Мать посмотрела на него. Он как будто не понял. Она помолчала потому, что чувствовала усталость, и потому, что сказать это было нелегко. А между тем она давно решила сказать… Жюльен опять наклонился над журналом, и тогда она быстро заговорила:
— Понимаешь, такой расход нам сейчас не по карману. На то, что мы получаем с огорода и с двух помещений, что сдаем, не проживешь. Ты знаешь, у нас есть сбережения, но многие бумаги сейчас упали в цене. Говорят, это девальвация. А пока что люди, вроде нас, едва сводят концы с концами. Тяжело, ох, как тяжело приходится.
Последние слова она произнесла медленно и чуть слышно. Жюльен перестал читать и слушал ее. Некоторое время они сидели так, друг против друга, не говоря, не двигаясь, и в глазах у них, то загораясь, то угасая, трепетал огонек от лампы.
— Теперь я буду больше зарабатывать, — сказал Жюльен.
Мать улыбнулась.
— Ах, мальчик, мальчик, ты отлично знаешь, что я не хочу брать с тебя за стол.
— Да, но все же… если надо будет…
Он не докончил. Мать снова принялась за штопку, время от времени передвигая деревянный гриб, который поблескивал сквозь дырки в черных чулках.
— Теперь ты вырос, — снова заговорила она, — тебе уже пора знать. Ты уже понимаешь, что нам не век жить. Отец не хочет пойти к нотариусу и распорядиться насчет завещания. Если он умрет, Поль меня не пожалеет, ведь он не мой сын.
Жюльен прервал ее:
— Но ведь ты его вырастила!
— Не совсем это так.

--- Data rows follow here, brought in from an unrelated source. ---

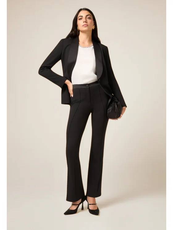 Pantaloni flare realizzati in fluido tessuto crêpe; chiusura con bottone e zip, bordo vita in raso; piega stirata lungo le gambe e possibilità di abbinarli al blazer coordinato.
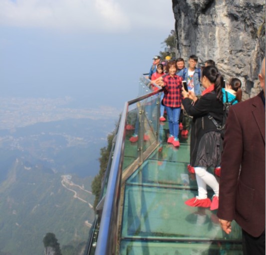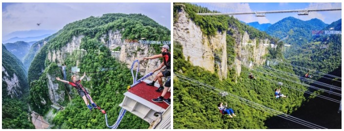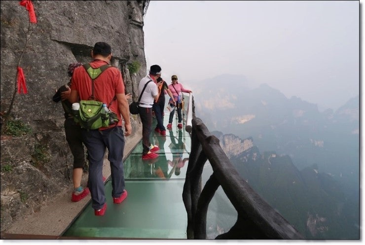 - **유리다리**: 세계 최장·최고 유리다리로, 두려움을 극복하는 불교적 "선(禅)" 사상을 반영하고 있는곳이다. 장가계 대협곡 트레킹, 번지점프, 짚라인 등을 즐길수 있다,
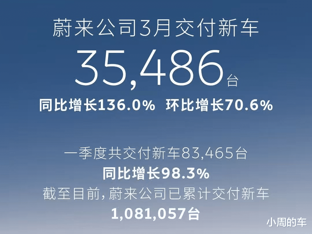 3月份蔚来公司交付新车35486辆,同比增长136%,环比增长70.6%,一季度累计交付新车83465辆,同比增长98.3%,整体势头保持的不错,并没有受到比亚迪闪充技术太大的影响。
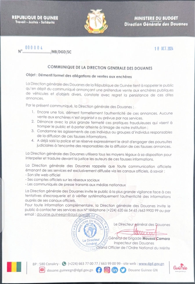 La Direction générale des Douanes de la République de Guinée tient à rappeler le public qu’en dépit du communiqué annonçant une prétendue vente aux enchères publiques de véhicules et d’objets divers, constate avec regret la persistance de ces dites annonces.
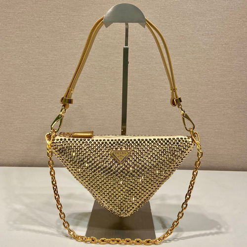 Prada Crystal Triangle Shoulder Bag with Leather Handle and Chain Strap 프라다 크리스탈 트라이앵글 레더 핸들 체인 스트랩 숄더백 1BC190 26cm |
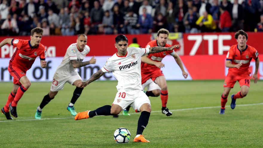 El Sevilla derrotó 1-0 en casa a la Real Sociedad, gracias a un penal transformado por el argentino Ever Banega en el 47, y con ello se puso provisionalmente séptimo, dentro de la zona de Europa League, este viernes tras el partido que abrió la 36ª jornada de la Liga española.
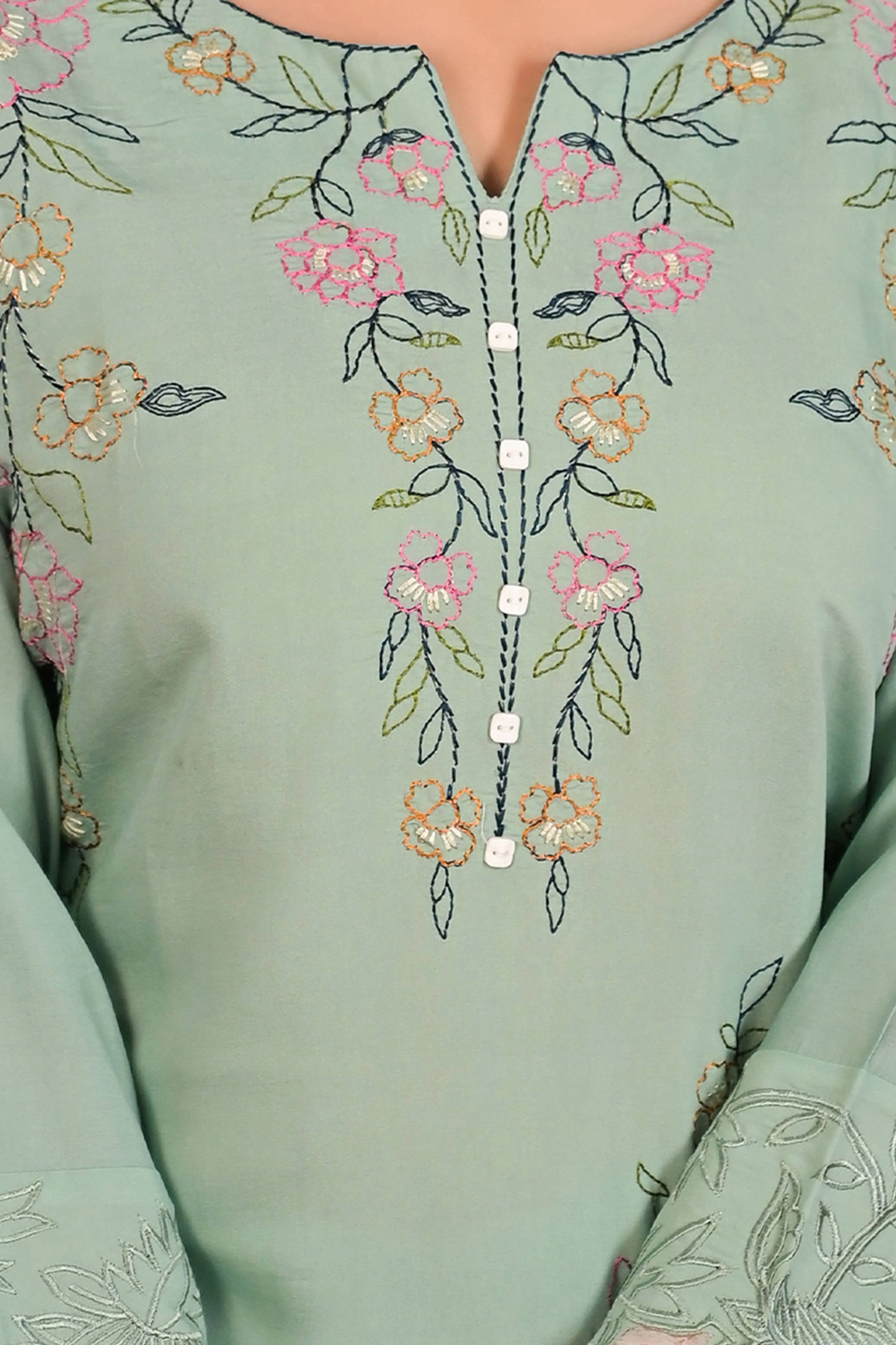 Pista Green Floral Embroidered Chanderi Top Bottom Set
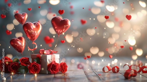 © sabyna75, Obraz premium Heart Balloons with Roses and Gifts in Romantic Setting
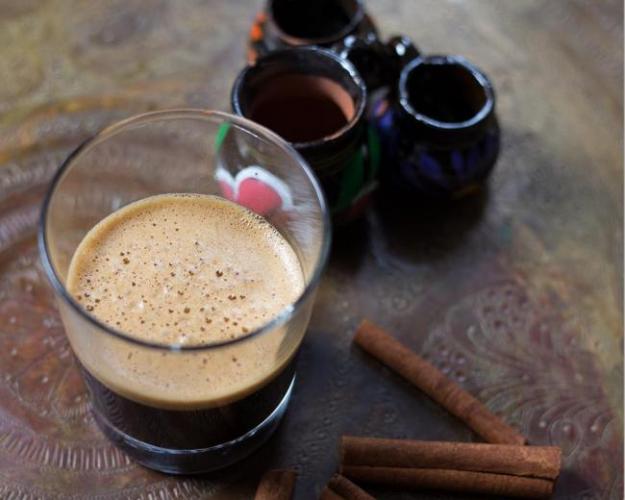 черный кофе – 100 мл; сгущенное молоко – 20 мл; молоко – 30 мл; бренди – 20 мл; корица – на кончике ножа; лимонная цедра – 5 г.

Но он начал собственное дело только благодаря тому, что отец дал ему денег… А в эти деньги, будь спокоен, и мой труд вложен…
— Но в конце концов, что он может сделать? — спросил Жюльен.

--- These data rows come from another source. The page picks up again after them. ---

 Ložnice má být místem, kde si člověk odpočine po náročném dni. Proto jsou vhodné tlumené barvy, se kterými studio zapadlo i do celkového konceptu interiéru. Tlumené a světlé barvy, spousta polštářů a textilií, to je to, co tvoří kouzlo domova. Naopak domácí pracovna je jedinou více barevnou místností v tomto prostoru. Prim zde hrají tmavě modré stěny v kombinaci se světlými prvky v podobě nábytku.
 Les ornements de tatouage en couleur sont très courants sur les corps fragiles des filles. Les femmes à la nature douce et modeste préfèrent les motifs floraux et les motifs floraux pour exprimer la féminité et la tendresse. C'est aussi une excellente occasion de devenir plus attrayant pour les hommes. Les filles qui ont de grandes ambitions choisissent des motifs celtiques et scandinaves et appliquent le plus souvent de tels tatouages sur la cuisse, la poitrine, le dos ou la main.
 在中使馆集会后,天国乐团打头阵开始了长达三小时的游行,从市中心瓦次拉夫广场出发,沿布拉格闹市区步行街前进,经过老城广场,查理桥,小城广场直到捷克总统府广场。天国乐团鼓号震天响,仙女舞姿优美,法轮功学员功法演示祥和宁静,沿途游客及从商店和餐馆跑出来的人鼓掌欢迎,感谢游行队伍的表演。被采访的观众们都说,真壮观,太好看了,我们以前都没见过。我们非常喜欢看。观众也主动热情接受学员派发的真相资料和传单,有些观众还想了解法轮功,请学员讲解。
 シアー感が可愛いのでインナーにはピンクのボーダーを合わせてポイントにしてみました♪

Мать подняла обе руки, не выпуская из них чулка и иголки, и снова медленно уронила их на стол.
— Бедный мой мальчик, ты их не знаешь. А потом, поверь мне, коли дело коснется денег и ты в руках у людей прижимистых…
Жюльен не ответил. Он минутку подождал, потом спросил:
— Ты думаешь, он уже заснул?
— Ты в самом деле хочешь уйти? Ведь уже поздно, и потом холодновато.
Жюльен рассмеялся.
— Да нет, мама, ты отлично знаешь, что совсем не холодно. Бертье меня ждет, и надуть его просто хамство…
— Как ты выражаешься, — сказала она.
Он медленно поднялся со стула, а она посмотрела на него с легкой улыбкой и прибавила:
— Постарайся не очень шуметь. А главное, не потеряй ключ; положи его в ящик для писем, так будет вернее.
Жюльен поцеловал мать и обещал, что все будет в порядке. Когда он был уже на пороге, она еще раз напомнила:
— Смотри, будь особенно осторожен, когда вернешься. Я оставлю электрический фонарик на столе и открою дверь в твою комнату… И, пожалуйста, не делай глупостей.
Как только он вышел, мать тяжело вздохнула и на минуту перестала штопать. У нее болели пальцы. Она сняла с руки чулок, чтобы растереть запястье с сильно набухшими жилами.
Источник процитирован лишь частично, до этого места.